Winds propel one boat to a record in the Regata Del Sol al Sol from St. Petersburg to Mexico, then calm down.


© St. Petersburg Times, published May 3, 2001

Winds propel one boat to a record in the Regata Del Sol al Sol from St. Petersburg to Mexico, then calm down.

It was a feast or famine of wind for the 20-boat fleet of racers that set sail across the Gulf of Mexico on April 27 in the 33rd annual Regata Del Sol al Sol from St. Petersburg to Isla Mujeres, Mexico.

Strong winds early propelled one boat to a course record while the slower boats struggled to finish in the light winds that followed.

Stephen Murray's New Orleans-based ultralight 70-footer Decision finished the 500-mile race before dawn Monday off the Yucatan Peninsula, covering the course in 45 hours, 15 minutes, 38 seconds. Despite breaking the record by about 12 hours, Decision slipped to third overall in the spinnaker division after corrected time rating handicaps were applied.

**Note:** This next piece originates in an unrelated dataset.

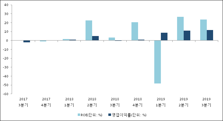 이번분기 기준으로 추정되는 글로벌텍스프리의 자기자본이익률(ROE)은 23.5%로 나타났다. 전년 동기인 2018년 3분기 ROE는 3.4%로 이번 분기에 20.1%p 상승했다. 한편 동종목의영업이익률은 11.8%이다. 최근 4분기 이상 꾸준히 상승하는 추세이다. 지난해 동기 영업이익률은 -0.2%로 이번 3분기가 12%p 상승했다.
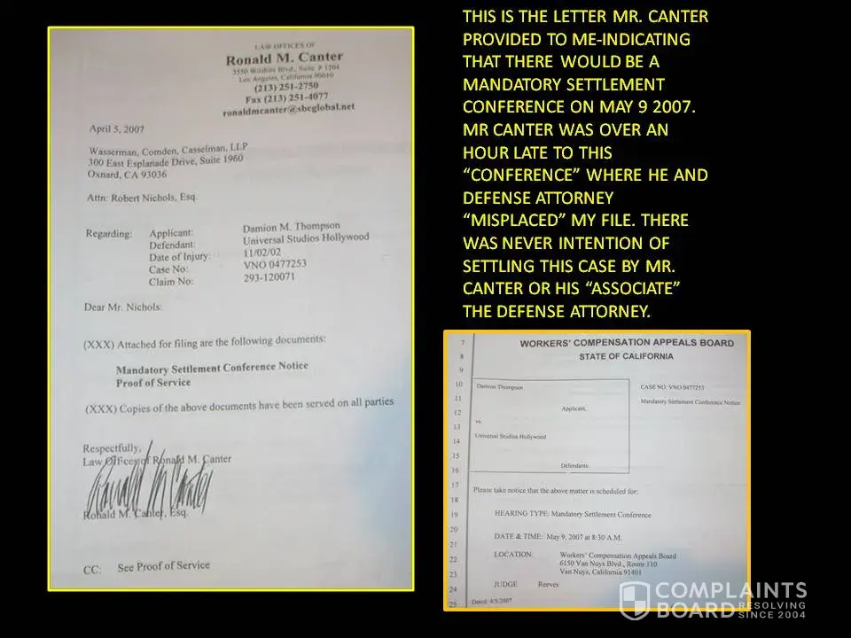 I am posting this complaint against RONALD M.CANTER a Worker's Comp attorney practicing in Los Angeles. My case is current since July 2003 when I met and attained Mr. Canter after I was forced off the job by my maniacal employer under fraudulent reasons. I was referred to Mr. Canter through Prepaid Legal. Little did I know this attorney would go on to do his best to sabotage my case by his actions and his non-actions.

Another northern gulf boat, John Hawkins' 62-foot Slidell, La.-based ketch Apparition, took top honors, finishing in just under 52 hours. Thomas Stokes' much smaller Free Spirit finished second overall on corrected time in a 36-foot Pearson.

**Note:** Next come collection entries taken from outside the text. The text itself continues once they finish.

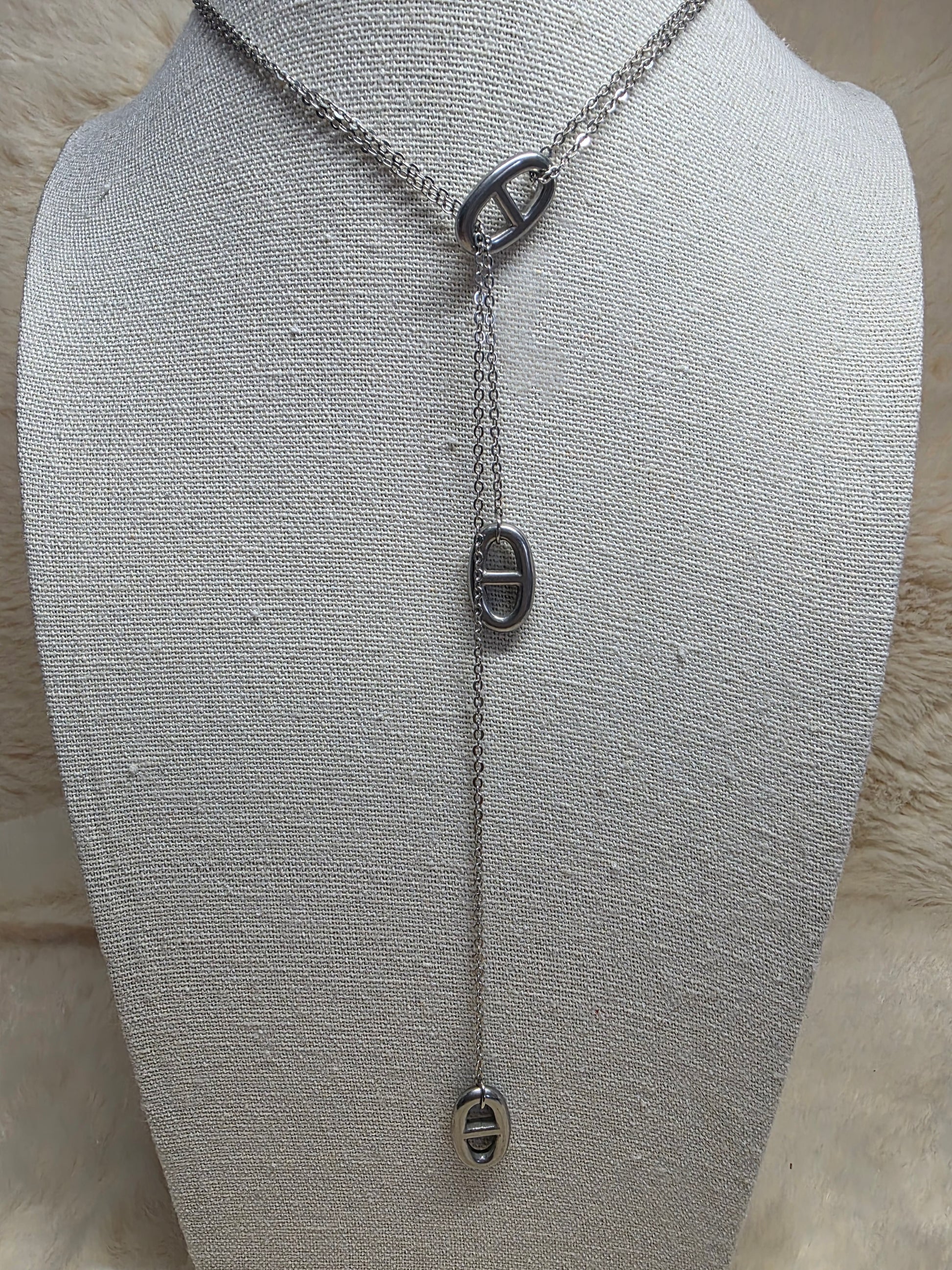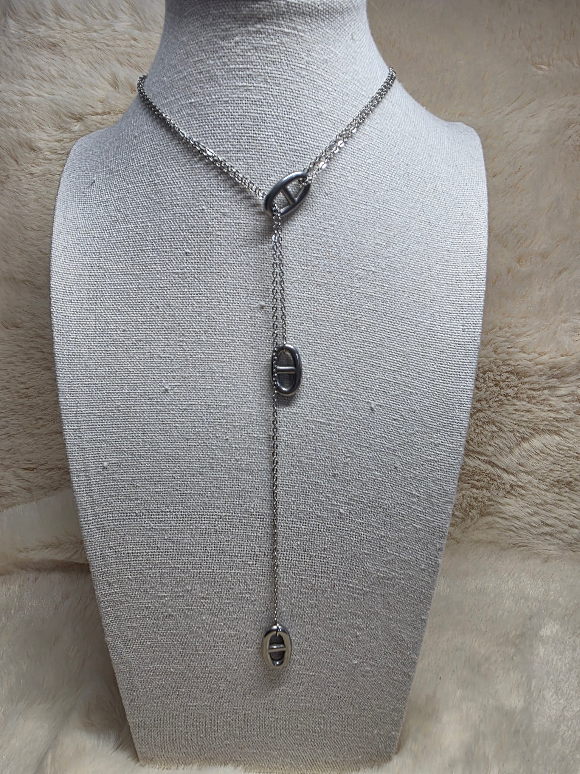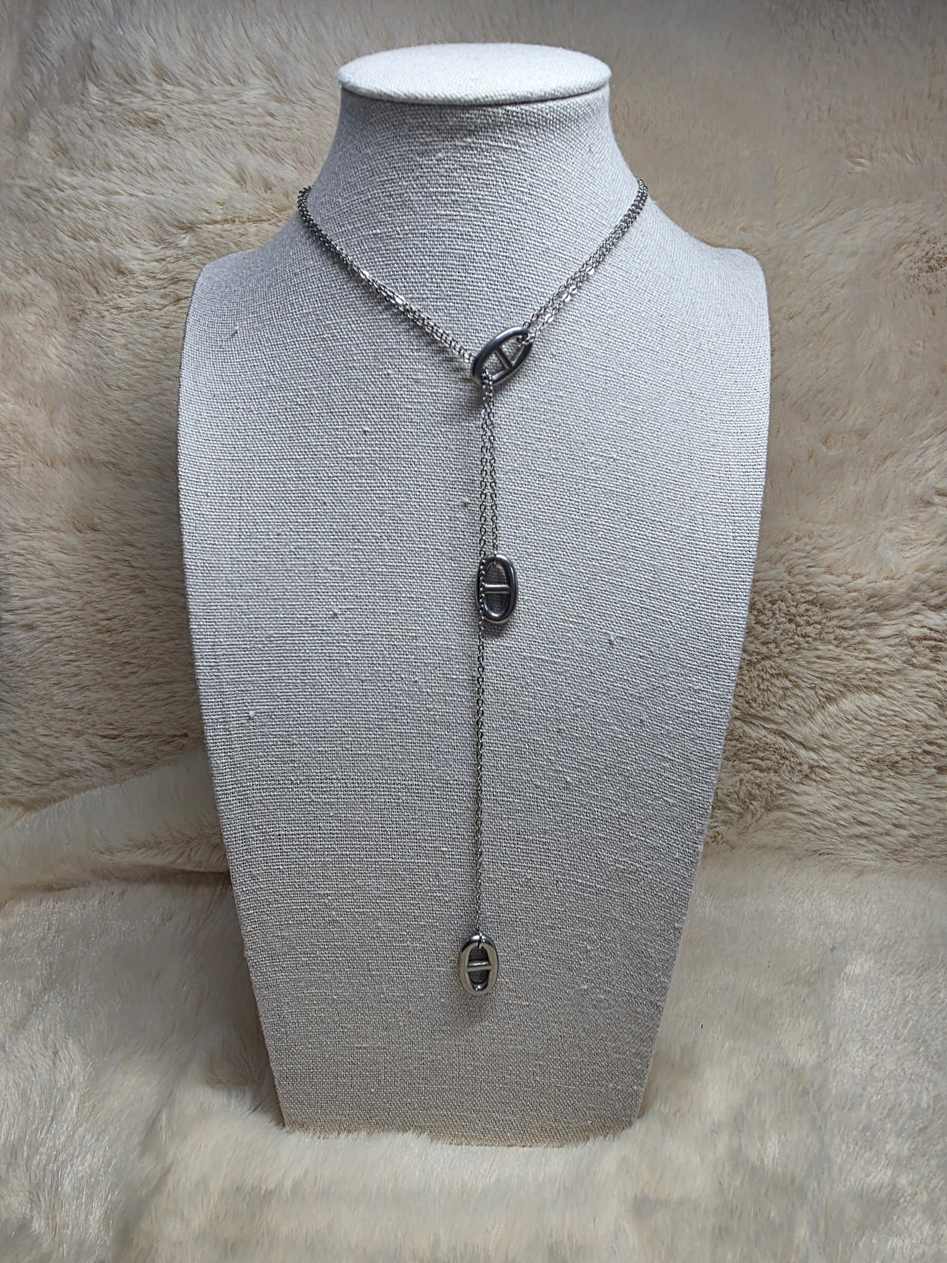 Le collier MARIE allie savoir-faire artisanal et modernité avec sa double coulisse et ses mailles marines en acier inoxydable, disponibles en finitions dorée ou argentée. Sa chaîne de 123 cm offre une longueur idéale pour un porté ajustable, garantissant confort et élégance. Résistant et léger, ce bijou sophistiqué s’adapte à toutes les occasions, sublimant aussi bien un look décontracté que plus habillé.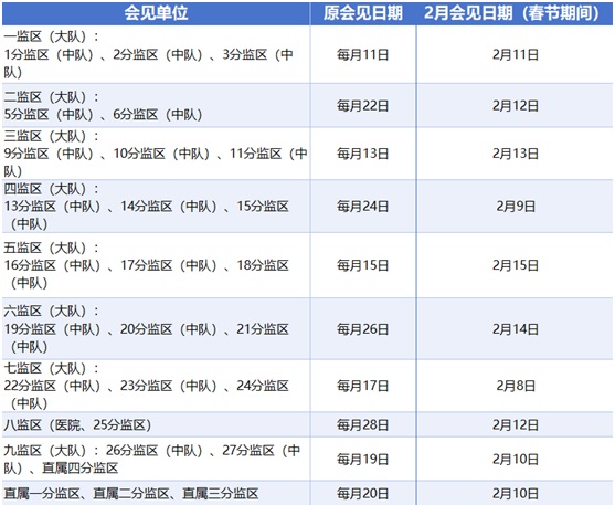 因2026年2月17日为春节(农历正月初一),部分原定会见日恰逢假期,为保障家属顺利会见,现将2月份相关监区会见日调整如下: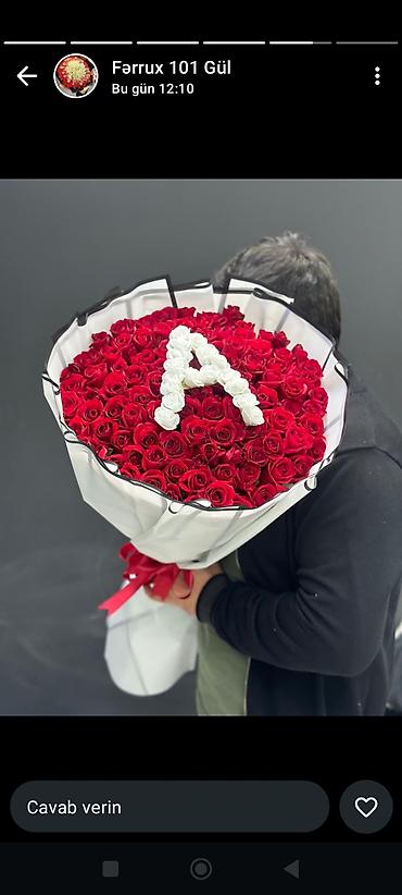 Gül dəstələri – Beyaz Flowers dizaynı - Qırmızı güllərdən ibarət klassik buket: ağ büküm kağızı, gümüşü-yaşıl evkalipt yarpaqları və gipsofila (ağ “uğur otu”) ilə zənginləşdirilmiş kompozisiya. En...

John Maxon's 36-foot Sara E from Madeira Beach took non-spinnaker honors after almost 84 hours at sea while posting the fourth-best overall corrected time. Finishing second in non-spinnaker was Bill Tait's 40-foot Sinisterre, which finished early Tuesday.

"We covered 165 miles each of the first two days, then were becalmed for nearly 12 hours," Tait said. "And it took three hours for the final two miles, rather frustrating."

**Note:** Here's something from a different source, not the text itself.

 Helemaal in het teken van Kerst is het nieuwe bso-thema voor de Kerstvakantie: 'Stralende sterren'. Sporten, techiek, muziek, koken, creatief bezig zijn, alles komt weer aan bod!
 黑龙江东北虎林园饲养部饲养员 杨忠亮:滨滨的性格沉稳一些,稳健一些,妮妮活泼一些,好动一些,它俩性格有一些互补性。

During the first half the weather conditions provided a feast of strong easterly winds. Said Madden Randle of the first-to-finish Decision: "It was three or four hours of light stuff leaving the bay before the wind built. By the second day we had wind into the high 30s and we did quite a few sail changes. At one point for several hours we were carrying a pretty steady 20 knots of boat speed and tapped out at 26 knots and change."

Taking honors in the true cruising division was Maciej Rosochowicz's 46-foot Spray design Maciejka from St. Petersburg, followed by George Alexiou's Clearwater-based Anthie. Both boats finished Tuesday afternoon after more than 98 hours at sea.

Emerald Lady, Valhalla and Rejoyce abandoned the race because of the light winds and motored into Isla Mujeres. Peter Barton's Ooh La La of Treasure Island had equipment failure early in the race and returned to Tampa Bay. The stormy conditions also forced the U.S. Coast Guard cutter Marlin to abandon its escort duties and remain in Florida.